The diagnostics for analytics can take many forms, but the challenge lies in where to start troubleshooting first. One approach is to simplify the source of the problem – errors can lie either in the data collection or in the report settings of your analytics solution. Let’s look at a few typical occurrences.
Checking data collection and settings
Addressing data collection issues first is usually a good place to start. They are symptomatic of technical issues with an analytics code installation. These technical issues usually appear as sudden changes of data trends in analytics reports – Spikes or steep drops – or implemented changes in tag details, such as mistyped regular expressions.
First, eliminate the basic analytics installation concerns. Verify that the site pages contain the latest supported version of the web analytics solutions being used. If a site has not been updated in a while, it can be easy to have features or settings that are no longer useful in place. And analytics providers sunset features, so for the latest information, follow a well-supported resource from the solution provider.

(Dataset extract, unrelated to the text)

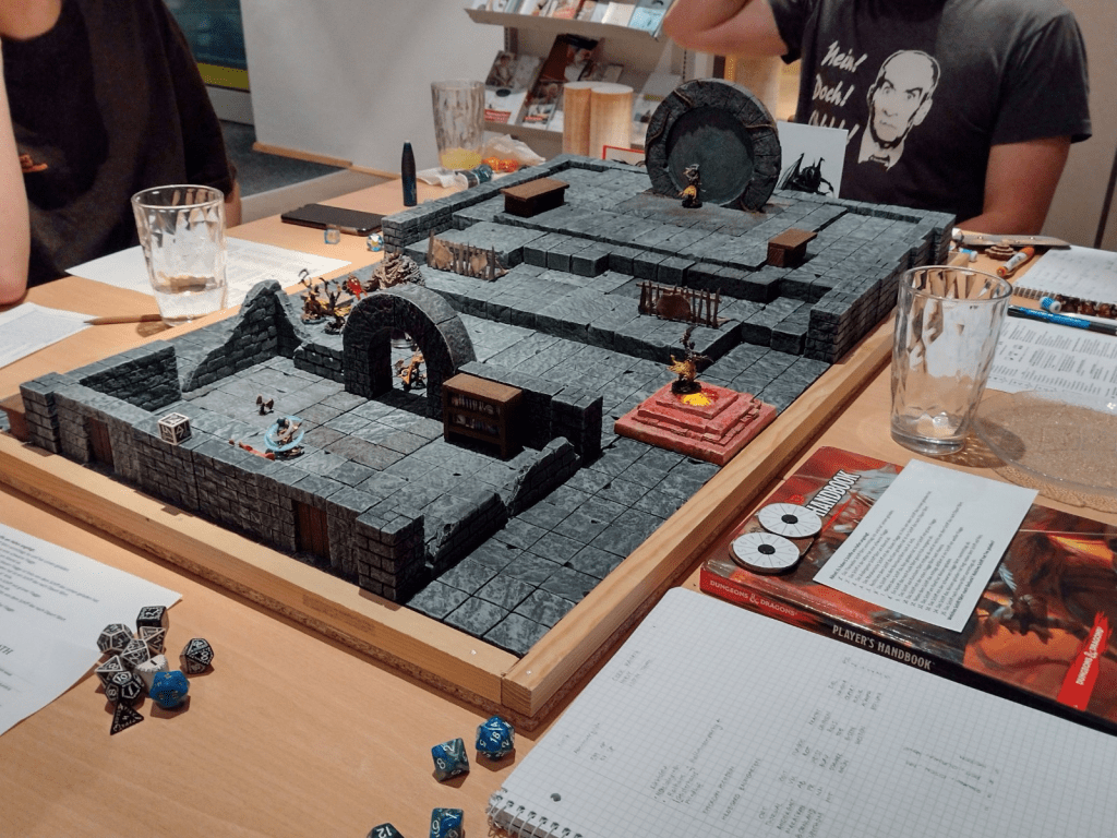 Am ersten Tisch leitete Thomas DnD für seine Spieler. Thomas leitete zum ersten Mal bei uns und er hatte kofferweise Material dabei. Denn er stellte seine Dungeons mit 3D-Modellen dar und hatte auch viele Miniaturen für die Spieler und die Gegner dabei. Durch mehrere Encounter, Rätsel und ein Dungeon arbeiteten sich die Spieler durch und waren am Ende erfolgreich. Drei der vier Spieler waren erfahrene DnD Spieler und Thomas und sie halfen dem Neuling in ihrer Runde mit den Regeln und Mechaniken. Alle waren sehr begeistert von der Runde.

Next, troubleshoot to confirm that the analytics page tag is installed correctly. Manually you can always look at the source code of a webpage just to to see if its there. No code means no data regarding the page is being reported in the analytics solution. Developers typically add the main analytics code at the top or bottom of a webpage.
A manual search of a page for an analytics is acceptable for simple sites with a page or two; For sites with a large number of pages, a few tools are available to make verification easier. One easy tool is the notification alert. Located in the upper right of the screen, the notification alert reflects what should be corrected in the settings (You can learn more about each indicator here in this Zimana post)
A world of debuggers and tag checkers
There is also Tag Assistant, a Google Chrome plugin which works with Google Tag manager and other enterprise-level tagging as well as Google Analytics.
Other tools that can help for issues regarding tags and cookies include Firebug (which works mainly with Firefox; Firebug Lite, a version for Google Chrome, is available) and Google Chrome DevTool. These can focus on potential issues that impact how the website code is being interpreted in the browser.
You can also record how data is being collected – Fiddler and Charles have recording features, which show a number of server calls for site elements when a webpage is rendered during a session.
Having a review of what tags have been added to a site can help highlight what tags should be in place at a website’s launch, and what has impacted the collected data from a site.
Confirm Report Settings
Some errors are associated to misinformation in the report settings. The result for analytic users is viewing trends that do not make intuitive sense. The errors are usually consistent – examining over different time periods or reviewing dimensions can reveal hints about what may be going on.
1. View if data is appearing in the report
Use real time features for quick confirm basic functionality for receiving data. Most analytics reports takes up to 24 hours to display results online, but many sub features can be available within a few hours depending on site visit volume.
2. Note misalignment of goals
Know how your site elements are related to conversion goals. It’s the core for what should be provided – apps. information, and the social media that compliments it.
3. Review environment in which reporting is issued.
This connects to number 2 – review what conditions are being created. Is there a period in which a spike occurred? What marketing occurred? Most of the details may not tell you why a spike happened, but you can better focus on how to deploy some possible next steps to correct the problem
4. Examine the syntax of filters to make sure they are functioning.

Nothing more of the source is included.